In the meantime, as demand outpaces supply for some items, Leonard said his stores have tried to come up with new solutions.

"Lobster is probably at a record high right now as far as the price per pound and lobster rolls are a big hit," he said. "One of the things we've done is make a shrimp roll right now."

According to the Food Marketing Institute, a national trade association, demand pressures have yet to go back to pre-pandemic levels. The food and retail organization told ABC News that a combination of factors such as shortages of materials and ingredients, combined with labor and transportation, "will continue to be disruptive and will create an uneven supply chain recovery, but we ask that shoppers hold on as we continue to recalibrate.”

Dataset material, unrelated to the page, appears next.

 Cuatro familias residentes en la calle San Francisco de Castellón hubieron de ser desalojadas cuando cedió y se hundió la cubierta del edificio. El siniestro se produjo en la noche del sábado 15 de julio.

Market research firm IRI, which examines consumer, shopper and retail market intelligence, found in its data that monthly grocery store sales are up 3% from last year and nearly 14% from August 2019.

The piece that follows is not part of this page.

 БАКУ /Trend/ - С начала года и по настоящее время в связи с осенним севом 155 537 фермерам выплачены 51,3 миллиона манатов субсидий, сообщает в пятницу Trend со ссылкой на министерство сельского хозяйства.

The change, according to IRI, comes down to the simple factor that consumers have been eating at home more and out less.

"So many behaviors changed during the pandemic. And that's kind of what we're experiencing. There's a lot more confidence in the kitchen," Joan Driggs, vice president of content and thought leadership for IRI, told "GMA." "We have a whole new generation of cooks out there who like it, they get more of exactly what they want, they take great pride in it."

Driggs is telling consumers there's no need to panic shop.

"People are able to go and fulfill their list -- I don't think we're going to go back to that big stop, stock up panic shopping that we experienced in the spring of 2020," he said.